● Goal of the exercise: The material below holds pictures; leave them out and reproduce exactly the lines from the one with "وتبادل أمير قطر" through the one with "Каждую ножку плотно", inclusive.
Entries supplied START
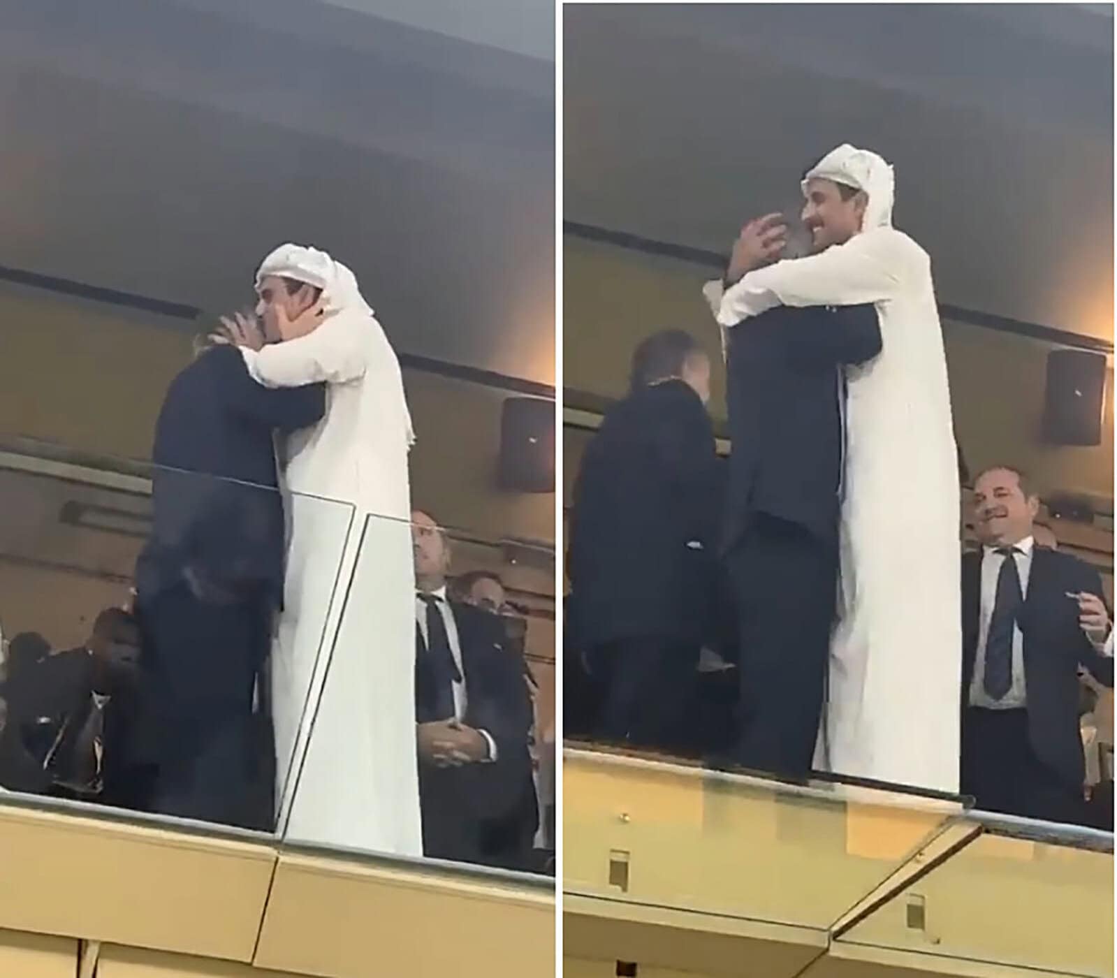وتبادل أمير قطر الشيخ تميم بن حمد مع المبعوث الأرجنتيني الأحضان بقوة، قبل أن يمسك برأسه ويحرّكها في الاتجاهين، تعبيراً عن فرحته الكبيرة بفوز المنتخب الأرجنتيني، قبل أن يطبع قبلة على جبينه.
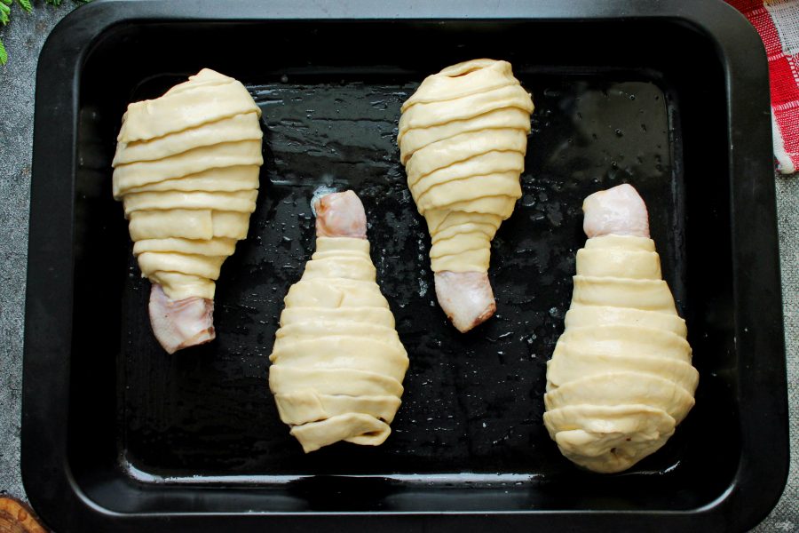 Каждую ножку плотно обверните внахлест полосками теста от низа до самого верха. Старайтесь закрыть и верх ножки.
Entries supplied END
Entries supplied START
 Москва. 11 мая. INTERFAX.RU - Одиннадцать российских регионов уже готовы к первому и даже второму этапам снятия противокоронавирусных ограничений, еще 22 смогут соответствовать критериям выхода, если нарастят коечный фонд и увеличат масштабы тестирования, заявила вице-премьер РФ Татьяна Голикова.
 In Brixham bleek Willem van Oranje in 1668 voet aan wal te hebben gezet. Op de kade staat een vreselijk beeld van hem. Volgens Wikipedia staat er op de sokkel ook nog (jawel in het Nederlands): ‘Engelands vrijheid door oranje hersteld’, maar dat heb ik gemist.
Entries supplied END
Entries supplied START
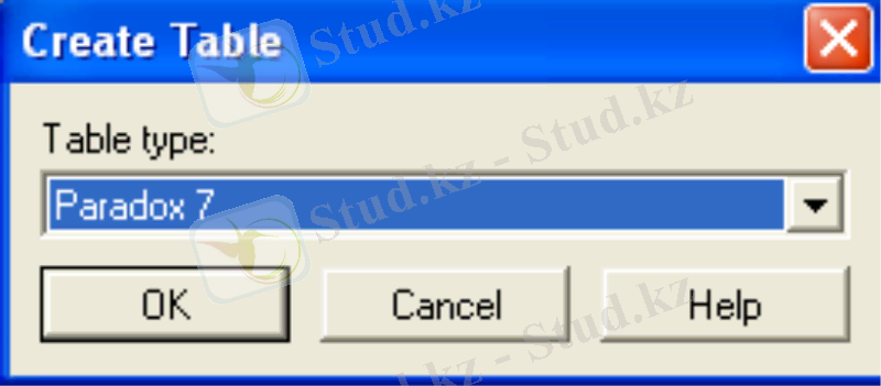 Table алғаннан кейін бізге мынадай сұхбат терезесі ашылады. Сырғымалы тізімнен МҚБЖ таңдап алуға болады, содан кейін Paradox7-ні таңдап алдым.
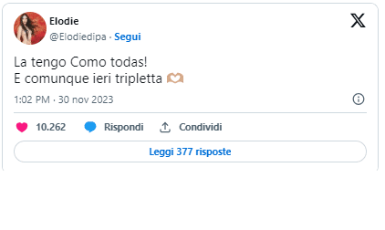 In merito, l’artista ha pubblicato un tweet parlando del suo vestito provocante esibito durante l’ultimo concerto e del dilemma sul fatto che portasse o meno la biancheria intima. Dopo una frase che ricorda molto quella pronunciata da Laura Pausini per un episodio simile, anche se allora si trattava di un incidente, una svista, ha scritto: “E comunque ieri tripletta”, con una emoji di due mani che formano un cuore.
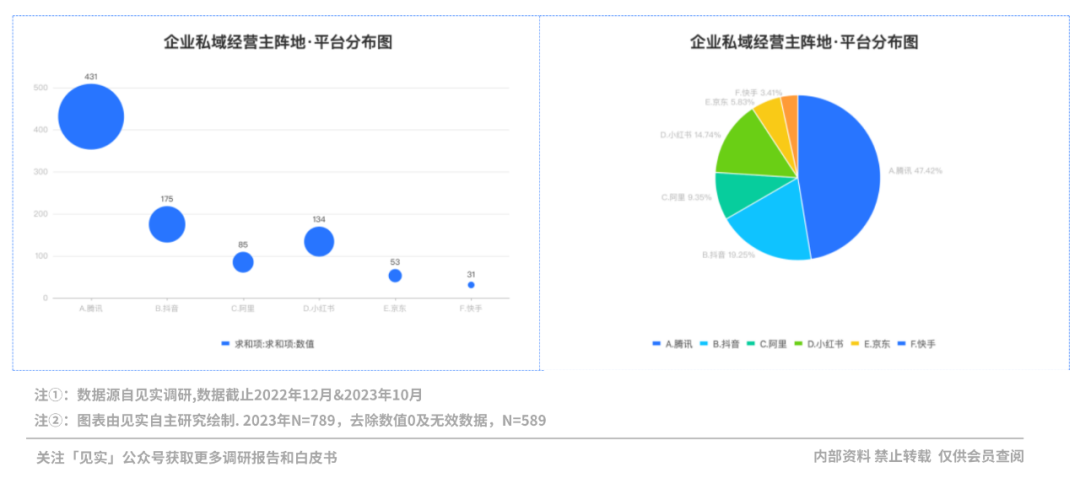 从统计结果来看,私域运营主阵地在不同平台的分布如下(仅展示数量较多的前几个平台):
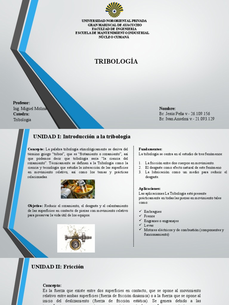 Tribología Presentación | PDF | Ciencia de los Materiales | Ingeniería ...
Entries supplied END
● Output:
وتبادل أمير قطر الشيخ تميم بن حمد مع المبعوث الأرجنتيني الأحضان بقوة، قبل أن يمسك برأسه ويحرّكها في الاتجاهين، تعبيراً عن فرحته الكبيرة بفوز المنتخب الأرجنتيني، قبل أن يطبع قبلة على جبينه.
 Каждую ножку плотно обверните внахлест полосками теста от низа до самого верха. Старайтесь закрыть и верх ножки.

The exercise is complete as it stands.